Sentencing Act 2026
- Parliament of the United Kingdom
- Long title: An Act to make provision about the sentencing, release and management after sentencing of offenders; to make provision about bail; to make provision about the removal from the United Kingdom of foreign criminals; and for connected purposes.
- Citation: 2026 c. 2
- Introduced by: Shabana Mahmood MP, Secretary of State for Justice (Commons) Lord Timpson, Minister of State for Prisons, Probation and Reducing Reoffending (Lords)
- Territorial extent: England and Wales; Scotland and Northern Ireland (sections 18, 34(4), 34(5), 39(7) and part 5);

Dates
- Royal assent: 22 January 2026
- Commencement: various

Other legislation
- Amends: Prison Act 1952; Administration of Justice Act 1970; Bail Act 1974; Rehabilitation of Offenders Act 1974; Bail Act 1976; Repatriation of Prisoners Act 1984; Road Traffic Offenders Act 1988; Prisons (Scotland) Act 1989; Prisoners and Criminal Proceedings (Scotland) Act 1993; Criminal Procedure (Scotland) Act 1995; Crime (Sentences) Act 1997; Criminal Justice and Court Services Act 2000; Nationality, Immigration and Asylum Act 2002; Criminal Justice Act 2003; Armed Forces Act 2006; Offender Management Act 2007; UK Borders Act 2007; Criminal Justice (Northern Ireland) Order 2008; Coroners and Justice Act 2009; Legal Aid, Sentencing and Punishment of Offenders Act 2012; Offender Rehabilitation Act 2014; Criminal Justice and Courts Act 2015; Terrorist Offenders (Restriction of Early Release) Act 2020; Sentencing Act 2020; Police, Crime, Sentencing and Courts Act 2022; Victims and Prisoners Act 2024;
- Repeals/revokes: Criminal Justice Act 2003 (Requisite and Minimum Custodial Periods) Order 2024;

Status: Current legislation

History of passage through Parliament

Text of statute as originally enacted

Revised text of statute as amended

Text of the Sentencing Act 2026 as in force today (including any amendments) within the United Kingdom, from legislation.gov.uk.

= Sentencing Act 2026 =

Act of the Parliament of the United Kingdom

The Sentencing Act 2026 (c. 2) is an act of the Parliament of the United Kingdom primarily concerned with criminal sentencing in England and Wales (with a few measures also affecting Scotland and Northern Ireland).

== Background ==

During 2024, prisons in England and Wales came very close to exceeding their occupational capacity. Some prisoners were released early in order to ease pressures on prison capacity. In October 2024, the British Government commissioned the former Secretary of State for Justice David Gauke to conduct an Independent Sentencing Review.

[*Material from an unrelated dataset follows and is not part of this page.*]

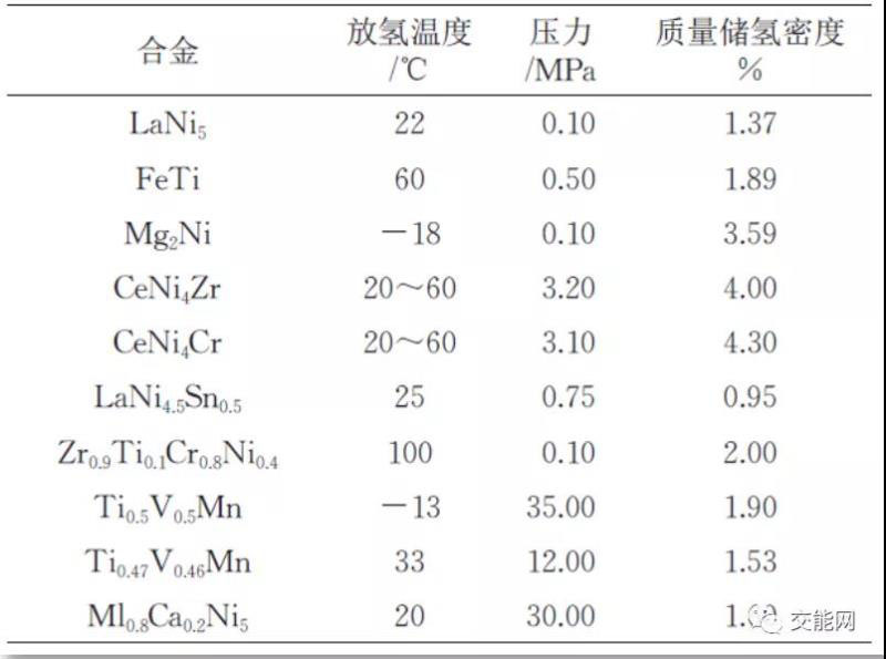 研究發(fā)現(xiàn),一些過渡金屬能夠在不同的溫度下,與氫氣發(fā)生不同程度的結(jié)合,形成金屬氫化物。從這一思路出發(fā),提出了金屬氫化物儲氫的技術(shù)路線。常用的儲氫材料及其性能如下圖:

The review concluded in May 2025 and recommended introducing an earned early release system for prisoners, the abolition of most short custodial sentences, as well as increasing the use of alternatives to prison including community sentences, deferred and suspended sentences.

On 2 September 2025, the Sentencing Bill was introduced to the House of Commons in order to implement recommendations from the Independent Sentencing Review.

== Provisions ==

A significant number of the provisions amend the Sentencing Act 2020 (also known as the 'Sentencing Code').

Part 1 is primarily concerned with sentencing procedure of the courts, as well as the Sentencing Council. It includes a provision allowing courts to impose 'income reduction orders' on offenders on a suspended sentence requiring them to pay a percentage of their monthly income.

Under provisions in Part 1, courts are also granted a wider range of ancillary orders to forbid offenders from entering specific areas, attending sports events, entering drinking establishments (either particular named venues, specific types of venues, or all establishments) or driving. These behaviour orders were recommended by the Bar Council of England and Wales, but concerns were raised about the practicality and enforceability of pub bans by representatives of the hospitality sector.

Section 20 requires the Sentencing Council to seek approval of the Lord Chancellor and Lord/Lady Chief Justice when making or amending sentencing guidelines. The Government stated this measure improves "democratic oversight" of the Sentencing Council to avoid the political conflicts that led to the passage of the Sentencing Guidelines (Pre-sentence Reports) Act 2025. This has been criticised by the Institute for Government as undermining the independence of the Sentencing Council.

The provisions scrapping the use of short prison sentences came into force on 23 March 2026.

Part 2 deals with management of offenders including early release on licence, recall, early removal of foreign offenders, and the operation of the Parole Board.

Part 3 amends the Bail Act 1976.

Part 4 makes it easier to remove foreign national offenders under the Early Removal Scheme (by amending section 260 of the Criminal Justice Act 2003), as recommended by the Independent Sentencing Review.

Part 5 contains general provisions.

== Reception ==
The early release scheme was due to go into force in September 2026. Following considerable press scrutiny, in July 2026, Andy Burnham announced the scheme would be paused pending review.